Quando os grupos heme estão na corrente sanguínea vão para a urina, mas acabam por ser capturados pelas células epiteliais do túbulo proximal renal. Essas células contêm heme-oxigenase-1, que extrai ferro aos grupos heme e entrega-o à ferritina. Esta proteína guarda o ferro de uma forma que não é tóxica.

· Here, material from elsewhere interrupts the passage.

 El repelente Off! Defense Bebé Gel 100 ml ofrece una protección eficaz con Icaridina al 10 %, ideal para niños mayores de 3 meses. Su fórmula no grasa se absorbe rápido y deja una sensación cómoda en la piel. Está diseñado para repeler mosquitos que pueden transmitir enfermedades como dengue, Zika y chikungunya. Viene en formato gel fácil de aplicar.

“Descobrimos que este é um mecanismo de desintoxicação. Se este mecanismo não existir, qualquer pessoa que tem malária morre”, destaca Miguel Soares. E por que é isso acontece? “Porque se desenvolve uma disfunção renal muito grave, que é um dos parâmetros clínicos principais da malária severa. Não se morre porque o parasita piora ou melhora, mas porque se perde tolerância à doença. Este mecanismo de base não exerce qualquer efeito no parasita, mas é absolutamente crítico para que o indivíduo que esteja infectado com malária possa sobreviver.”

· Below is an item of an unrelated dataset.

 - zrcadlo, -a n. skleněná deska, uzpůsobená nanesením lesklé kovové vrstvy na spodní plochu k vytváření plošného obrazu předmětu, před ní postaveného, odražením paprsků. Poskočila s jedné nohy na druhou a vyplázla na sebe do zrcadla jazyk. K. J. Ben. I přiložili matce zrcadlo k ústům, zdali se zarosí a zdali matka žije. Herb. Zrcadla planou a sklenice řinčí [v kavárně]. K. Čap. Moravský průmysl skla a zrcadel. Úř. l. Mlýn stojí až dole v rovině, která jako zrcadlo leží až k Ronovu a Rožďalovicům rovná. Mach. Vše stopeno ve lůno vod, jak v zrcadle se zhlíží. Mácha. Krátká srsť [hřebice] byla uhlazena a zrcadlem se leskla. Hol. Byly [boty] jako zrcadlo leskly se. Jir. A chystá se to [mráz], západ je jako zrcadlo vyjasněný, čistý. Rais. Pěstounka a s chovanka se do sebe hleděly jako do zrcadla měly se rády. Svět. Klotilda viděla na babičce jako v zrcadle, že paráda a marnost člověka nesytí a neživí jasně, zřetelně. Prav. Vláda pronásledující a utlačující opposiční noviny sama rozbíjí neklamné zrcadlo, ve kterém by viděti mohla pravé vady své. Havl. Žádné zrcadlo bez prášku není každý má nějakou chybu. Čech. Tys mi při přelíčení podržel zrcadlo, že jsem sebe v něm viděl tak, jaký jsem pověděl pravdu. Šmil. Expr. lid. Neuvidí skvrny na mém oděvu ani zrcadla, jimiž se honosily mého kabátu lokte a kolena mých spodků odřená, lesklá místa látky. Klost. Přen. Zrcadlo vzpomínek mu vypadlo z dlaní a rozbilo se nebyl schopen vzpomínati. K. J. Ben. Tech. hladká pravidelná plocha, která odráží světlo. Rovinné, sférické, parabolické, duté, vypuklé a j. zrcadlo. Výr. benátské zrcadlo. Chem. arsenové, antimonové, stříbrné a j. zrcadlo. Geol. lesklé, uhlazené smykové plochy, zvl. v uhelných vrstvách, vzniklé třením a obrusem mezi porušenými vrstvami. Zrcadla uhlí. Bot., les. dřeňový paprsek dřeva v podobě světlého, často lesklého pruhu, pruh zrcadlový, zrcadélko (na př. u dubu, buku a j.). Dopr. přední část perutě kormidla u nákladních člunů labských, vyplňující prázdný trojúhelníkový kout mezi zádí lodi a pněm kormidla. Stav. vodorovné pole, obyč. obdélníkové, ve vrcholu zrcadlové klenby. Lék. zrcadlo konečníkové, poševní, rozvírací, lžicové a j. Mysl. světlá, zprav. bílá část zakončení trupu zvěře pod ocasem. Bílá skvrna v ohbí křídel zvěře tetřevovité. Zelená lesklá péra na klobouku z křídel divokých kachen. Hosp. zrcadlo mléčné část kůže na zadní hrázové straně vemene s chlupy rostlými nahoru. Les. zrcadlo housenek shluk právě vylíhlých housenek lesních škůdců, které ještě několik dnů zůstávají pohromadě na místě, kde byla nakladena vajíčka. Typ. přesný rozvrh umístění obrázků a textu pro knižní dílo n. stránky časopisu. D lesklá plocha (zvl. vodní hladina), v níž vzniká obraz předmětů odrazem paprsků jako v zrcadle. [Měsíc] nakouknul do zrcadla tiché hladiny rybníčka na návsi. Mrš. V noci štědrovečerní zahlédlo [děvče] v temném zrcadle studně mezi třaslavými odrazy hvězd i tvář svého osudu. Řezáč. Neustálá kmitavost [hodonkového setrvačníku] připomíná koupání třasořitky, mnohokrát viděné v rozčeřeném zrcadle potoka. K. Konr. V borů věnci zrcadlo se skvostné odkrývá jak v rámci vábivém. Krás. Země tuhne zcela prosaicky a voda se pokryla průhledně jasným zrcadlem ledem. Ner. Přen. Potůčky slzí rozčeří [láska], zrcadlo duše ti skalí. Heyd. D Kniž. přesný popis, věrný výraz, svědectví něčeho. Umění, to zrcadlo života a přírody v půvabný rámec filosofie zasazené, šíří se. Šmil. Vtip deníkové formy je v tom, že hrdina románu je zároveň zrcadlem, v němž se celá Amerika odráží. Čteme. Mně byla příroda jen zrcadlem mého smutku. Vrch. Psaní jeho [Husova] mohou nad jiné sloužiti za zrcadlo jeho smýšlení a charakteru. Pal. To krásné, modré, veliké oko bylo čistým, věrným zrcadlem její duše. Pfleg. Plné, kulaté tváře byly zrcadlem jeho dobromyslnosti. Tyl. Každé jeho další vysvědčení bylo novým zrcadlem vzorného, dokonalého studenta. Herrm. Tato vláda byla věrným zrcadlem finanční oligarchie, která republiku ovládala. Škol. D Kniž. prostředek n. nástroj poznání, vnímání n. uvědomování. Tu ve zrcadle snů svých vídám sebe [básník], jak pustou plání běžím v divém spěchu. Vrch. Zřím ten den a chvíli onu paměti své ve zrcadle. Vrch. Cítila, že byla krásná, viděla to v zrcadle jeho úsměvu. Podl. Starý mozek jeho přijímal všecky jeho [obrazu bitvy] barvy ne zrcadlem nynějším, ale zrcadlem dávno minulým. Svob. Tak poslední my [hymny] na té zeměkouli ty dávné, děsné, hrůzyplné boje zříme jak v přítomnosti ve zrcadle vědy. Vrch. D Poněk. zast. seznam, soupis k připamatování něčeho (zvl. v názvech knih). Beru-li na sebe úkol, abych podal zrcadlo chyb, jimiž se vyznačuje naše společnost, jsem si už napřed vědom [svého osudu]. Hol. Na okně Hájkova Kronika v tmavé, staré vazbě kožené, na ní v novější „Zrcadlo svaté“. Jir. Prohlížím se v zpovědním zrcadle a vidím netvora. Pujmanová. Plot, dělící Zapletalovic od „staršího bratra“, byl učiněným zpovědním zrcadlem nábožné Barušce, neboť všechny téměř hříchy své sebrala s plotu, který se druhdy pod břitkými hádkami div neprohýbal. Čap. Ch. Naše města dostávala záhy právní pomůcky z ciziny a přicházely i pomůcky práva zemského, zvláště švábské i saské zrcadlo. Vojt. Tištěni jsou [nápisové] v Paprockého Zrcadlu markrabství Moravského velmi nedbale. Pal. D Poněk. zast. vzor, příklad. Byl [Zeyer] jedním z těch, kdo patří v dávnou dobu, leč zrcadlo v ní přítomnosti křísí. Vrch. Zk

Sobre a importância deste trabalho – que teve Susana Ramos (também do IGC) como primeira autora –, Miguel Soares destaca ainda: “Esta descoberta é a primeira demonstração científica de um processo muito importante contra a malária que age de uma maneira completamente independente do sistema imunitário. Como tal, este mecanismo de protecção natural contra a malária age sem a intervenção de processos clássicos imunológicos que são normalmente estudados no contexto da malária.”

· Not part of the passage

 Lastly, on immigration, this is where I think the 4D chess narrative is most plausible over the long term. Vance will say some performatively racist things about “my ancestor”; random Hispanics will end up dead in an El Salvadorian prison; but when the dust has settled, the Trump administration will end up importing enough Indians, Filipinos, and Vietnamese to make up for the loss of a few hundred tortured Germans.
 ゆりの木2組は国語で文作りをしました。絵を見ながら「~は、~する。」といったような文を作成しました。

A partir de agora, já é possível pensar em estratégias terapêuticas dirigidas especificamente para este mecanismo. Além disso, esta descoberta cria a possibilidade de tratamento da malária sem os normais problemas de resistência do parasita a medicação antimalárica. “Este tipo de abordagem permite tratar o indivíduo que tem malária sem interferir com o parasita, como tal permite circunscrever o problema de resistência a fármacos desenvolvidos para este parasita”, esclarece Miguel Soares. No futuro, a equipa pretende descobrir outros genes envolvidos neste mecanismo de protecção.